Your assignment. Below, some lines carry pictures; leave those pictures out and retype exactly the lines from the one with "L’Orologio Rossella First" through the one with "Sticla de Scotch".

Records for processing.
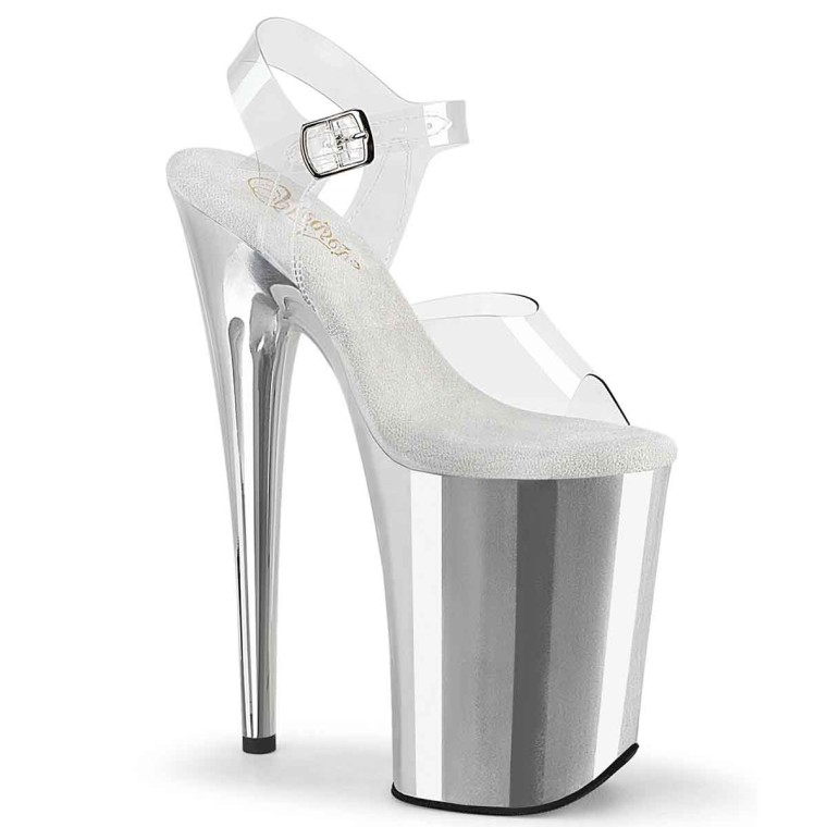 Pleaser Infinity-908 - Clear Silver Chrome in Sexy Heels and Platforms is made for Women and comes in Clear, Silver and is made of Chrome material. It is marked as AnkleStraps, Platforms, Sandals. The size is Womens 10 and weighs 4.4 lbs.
* * *
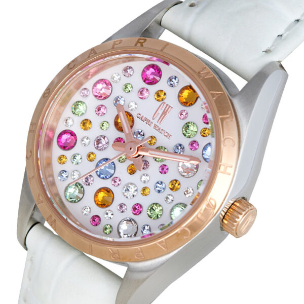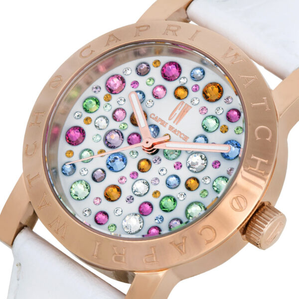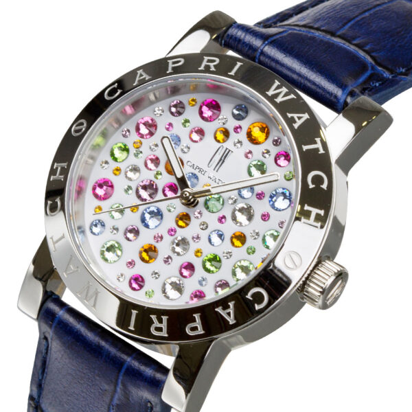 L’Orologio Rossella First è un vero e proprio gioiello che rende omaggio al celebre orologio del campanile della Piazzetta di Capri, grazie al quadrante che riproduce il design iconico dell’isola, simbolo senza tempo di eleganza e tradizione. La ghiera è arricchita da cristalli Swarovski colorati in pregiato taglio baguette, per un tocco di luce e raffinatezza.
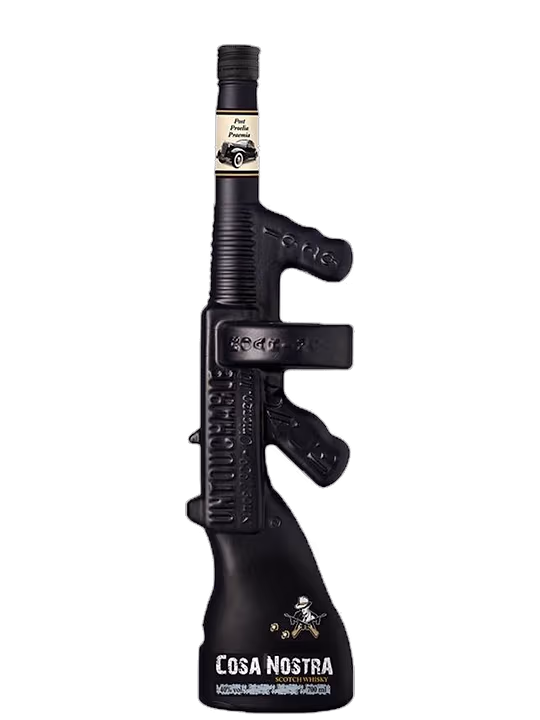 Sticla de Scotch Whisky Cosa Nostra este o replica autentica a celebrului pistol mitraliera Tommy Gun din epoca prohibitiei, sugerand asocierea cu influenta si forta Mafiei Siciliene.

Output.
 L’Orologio Rossella First è un vero e proprio gioiello che rende omaggio al celebre orologio del campanile della Piazzetta di Capri, grazie al quadrante che riproduce il design iconico dell’isola, simbolo senza tempo di eleganza e tradizione. La ghiera è arricchita da cristalli Swarovski colorati in pregiato taglio baguette, per un tocco di luce e raffinatezza.
 Sticla de Scotch Whisky Cosa Nostra este o replica autentica a celebrului pistol mitraliera Tommy Gun din epoca prohibitiei, sugerand asocierea cu influenta si forta Mafiei Siciliene.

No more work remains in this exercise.